Electrophysiological Techniques, Membrane Potential, and Electrophysiological Techniques ...

Electrophysiology is a procedure for measuring the electrical activity or excitability of biological cells (be they muscle cells, neurons, or stem cells). This can be done at a single-cell level, or it can involve simultaneous measurements from hundreds or thousands of cells.

What is electrophysiology?

Membrane potential, action potential steps, and action potential graph

Potential for Membrane

- Action possibilities and diagram

Potential rated versus action potential

Equipment in electrophysiology

Intracellular recording of electrophysiological techniques

Patch clamp

Current-clamp

- Voltage doppelgang

Extracellular recording of electrophysiological techniques

- Recording of single units

Multi-unit recording

Multielectrode arrays (MEA)

Integral recording versus extracellular recording

Electrophysiology applications and examples in practice

Pre-clinical research

Drug discovery

Electrophysiology in Clinical Practice

This article focuses on single-cell electrophysiology and outlines the fundamentals of electrophysiological research by describing the ionic basis of action potentials and the various electrophysiological techniques used to investigate and understand excitable tissues and organs.
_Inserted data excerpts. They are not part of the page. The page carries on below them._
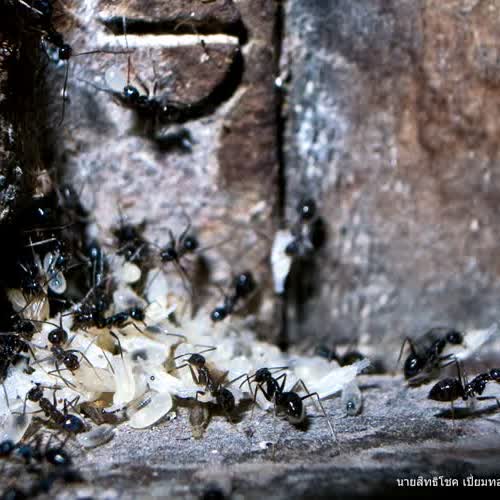 | คำสำคัญ : ฝูงมด, มด, สัญชาตญาณ, แมลง, อพยพ, แมลงไม่มีปีก, มดดำ |
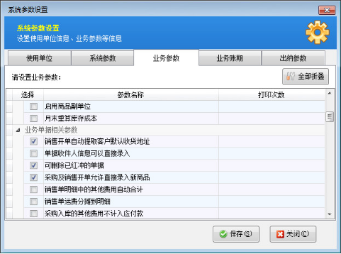 在功能導航窗點“系統管理”—》“業務參數設置”即可進入“業務參數設置”界面,如下圖1所示:
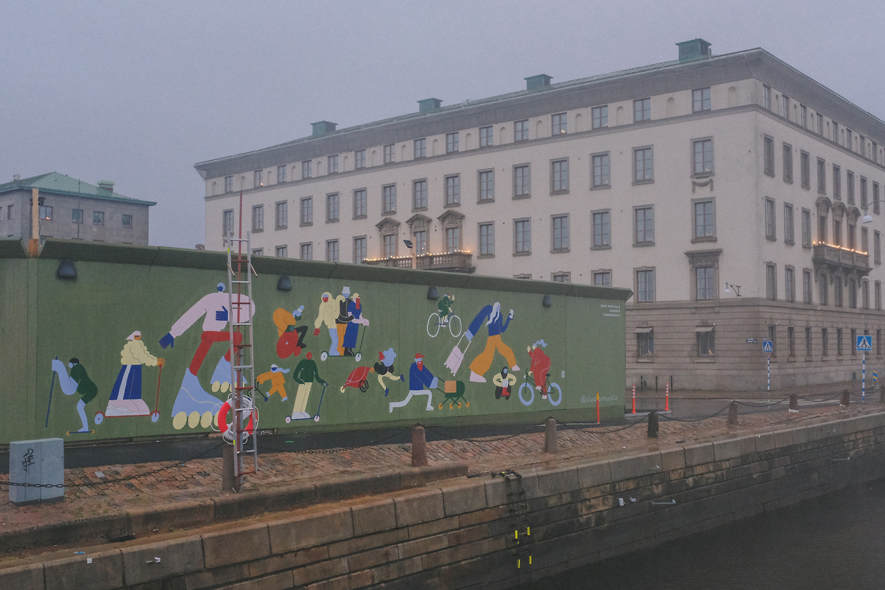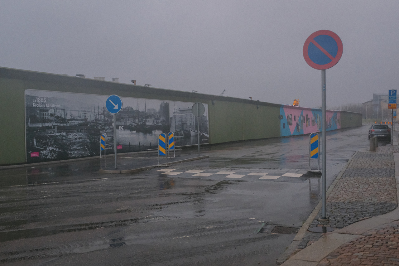 공사장 가림벽으로 볼 수 있는 예테보리의 옛 모습들도, 스웨덴 국기색을 품은 표지판도, 적막한 길을 걷는 내게 소소한 볼거리가 되어주었다.
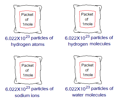 One mole of any substance, either the atoms, ions, molecules, is a packet of particles. Each packet contains 6.022×1023 particles.
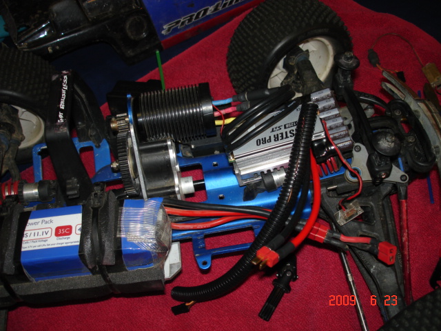 it's a 125a esc, where you see the power cables there are the bigger caps. like that after hard bashing the temperatures are around 30-40 deg. c.
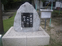 境内に要石。案内には「この地方では、昔から地底に大鯰がいて、常には静まっているが目覚めてあばれだすと地震となって大地が震動すると考えられていた。
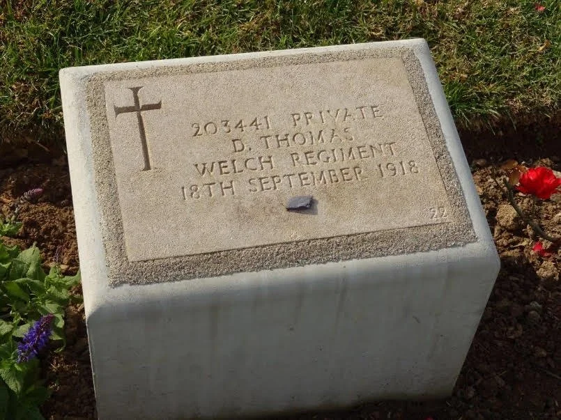 Mab i Richard a Catherine Thomas, Hen Barc, oedd David. Bu farw ei fam rai blynyddoedd cyn dechrau’r Rhyfel Byd Cyntaf, yn 41 mlwydd oed. Lladdwyd David yn Salonica, gwlad Groeg, yn 31 oed. Dyma lun o’i garreg fedd yn Doiran Military Cemetery, Groeg. Rhoddwyd y darn bach o lechen o Chwarel y Penrhyn ar ei fedd gan Bryn Thomas, aelod o deulu David Thomas, rai blynyddoedd yn ôl, pan fu ar bererindod i weld bedd David.
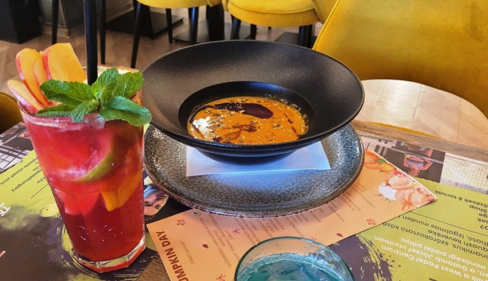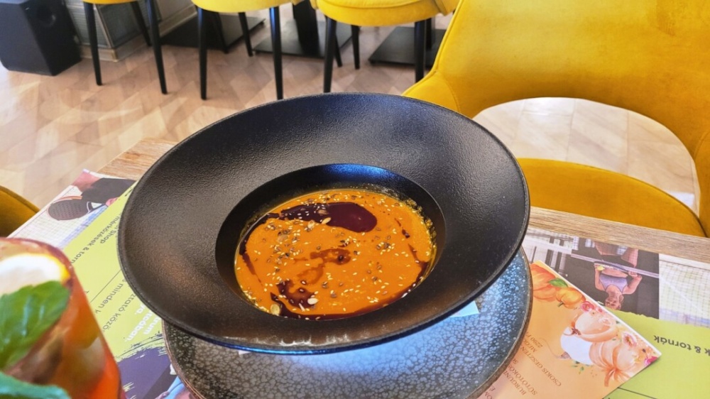 Egyértelmű, hogy a levesünk egy „Gyömbéres-narancsos sütőtök krémleves volt, pirított tökmaggal, Őrségi tökmagolajjal”… A kép is sokat elárul, az ízharmónia fantasztikus, az elkészítés mesteri, ahogy a tálalás is, meg kell kóstolni, aki betér!

What is electrophysiology?

Electrophysiology is a research into the electrical properties of biological circuits in tissues, tissues, whole organs, and systems.

Regardless of Ohms law, any electronic circuit (such as a radio or a computer) includes a battery connected to components by copper wires, through which negatively charged electrons flow and perform, according to voltage (V) = current (I) x resistance (R).

ions are regulated by ion channelsenzymes that catalyze the passive flow of ions down electrochemical gradients in biology. However, the biology also has a few layers of complexity.

Scientists have worked at the intersection of physics and physiology to pioneer our understanding of what makes cells excitable.1

Over the last hundred years, advances in electrophysiology theory, techniques, and equipment have greatly enhanced our understanding of how the body works, including fundamental knowledge of the heart, the brain (and other organs), and improved diagnosis and treatment of disease.

In the early 1950s, Hodgkin and Huxley uncovered the ionic basis of the neuronal action potential, triggering an intense period of research in electrode design.4 In 1981, Sakmann and Neher patented glass micropipettes capable of measuring ion flow through single ion channels or across a single cell membrane. This technology further encnered the exploration of how excitable cells work.6 This technique enables scientists to study the fundamental mechanisms behind excitability and brain function.

Membrane potential, action potential steps, and action potential graph

The voltage or potential difference across the cell membrane is caused by the hydrophobic membrane separating charges, acting as a capacitor and resistor to the movement of charged ions across it.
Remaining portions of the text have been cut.